Given material

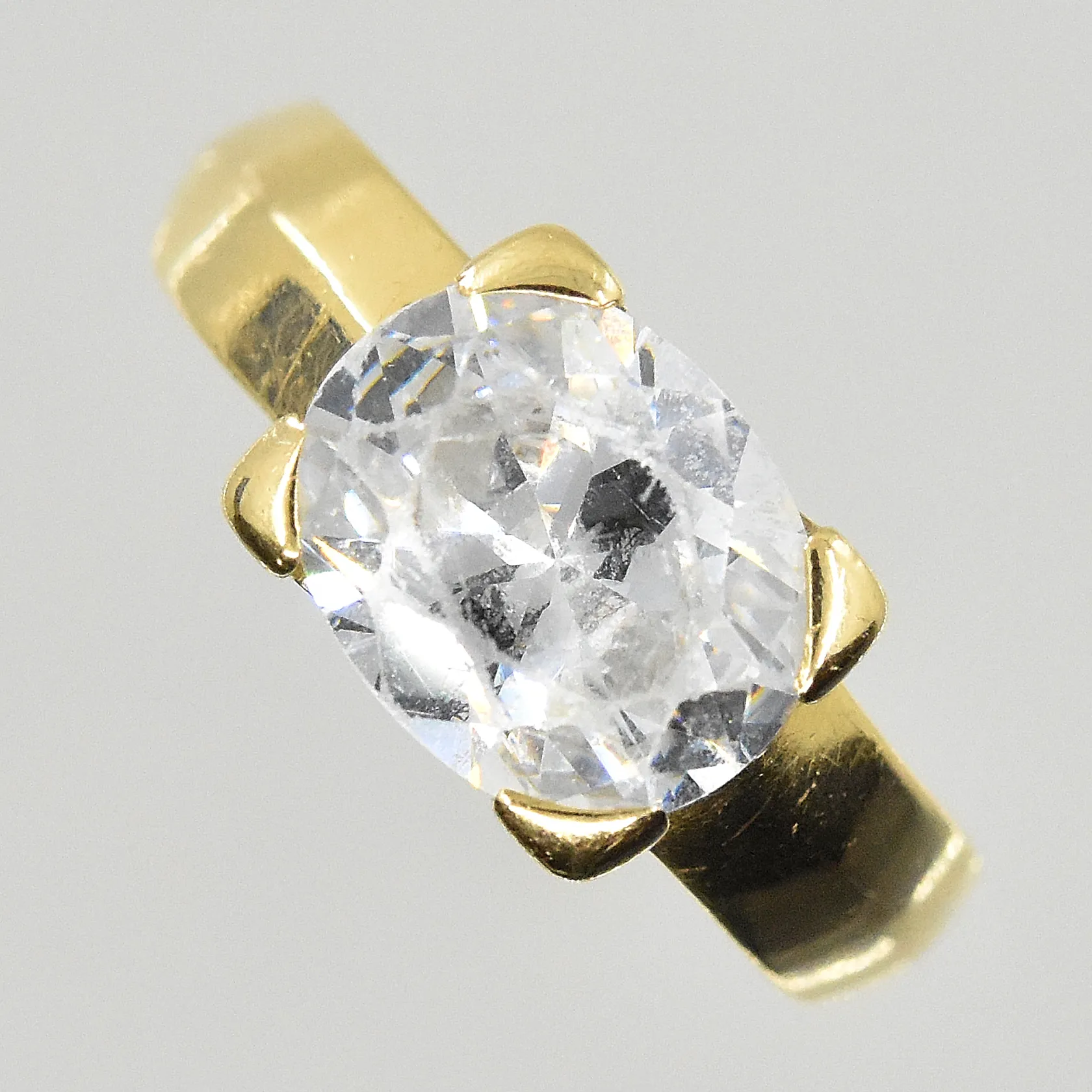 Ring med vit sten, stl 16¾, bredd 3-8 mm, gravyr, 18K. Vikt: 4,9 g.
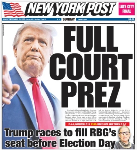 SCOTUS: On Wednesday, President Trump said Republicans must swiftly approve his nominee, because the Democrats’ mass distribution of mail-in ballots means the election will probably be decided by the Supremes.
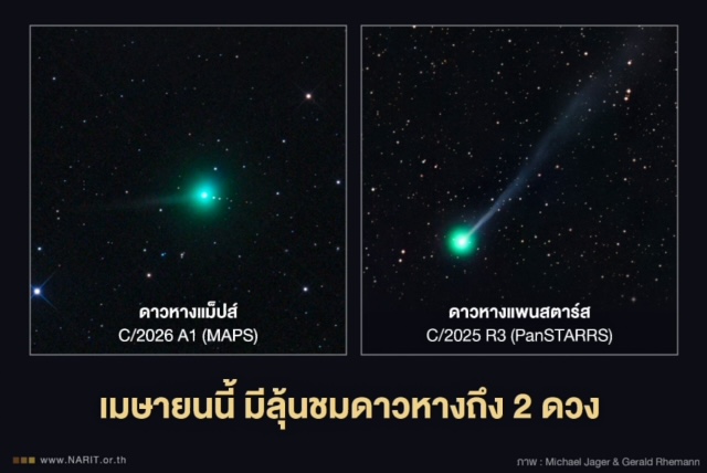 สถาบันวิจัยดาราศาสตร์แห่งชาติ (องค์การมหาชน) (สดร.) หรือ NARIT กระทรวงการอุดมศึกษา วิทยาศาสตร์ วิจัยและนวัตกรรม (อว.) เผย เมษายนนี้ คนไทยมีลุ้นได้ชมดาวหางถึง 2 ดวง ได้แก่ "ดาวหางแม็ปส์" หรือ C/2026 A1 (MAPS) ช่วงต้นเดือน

What you will do
Leaving the pictures out, output each line of the listing exactly.

Exercise solution
 Ring med vit sten, stl 16¾, bredd 3-8 mm, gravyr, 18K. Vikt: 4,9 g.
 SCOTUS: On Wednesday, President Trump said Republicans must swiftly approve his nominee, because the Democrats’ mass distribution of mail-in ballots means the election will probably be decided by the Supremes.
 สถาบันวิจัยดาราศาสตร์แห่งชาติ (องค์การมหาชน) (สดร.) หรือ NARIT กระทรวงการอุดมศึกษา วิทยาศาสตร์ วิจัยและนวัตกรรม (อว.) เผย เมษายนนี้ คนไทยมีลุ้นได้ชมดาวหางถึง 2 ดวง ได้แก่ "ดาวหางแม็ปส์" หรือ C/2026 A1 (MAPS) ช่วงต้นเดือน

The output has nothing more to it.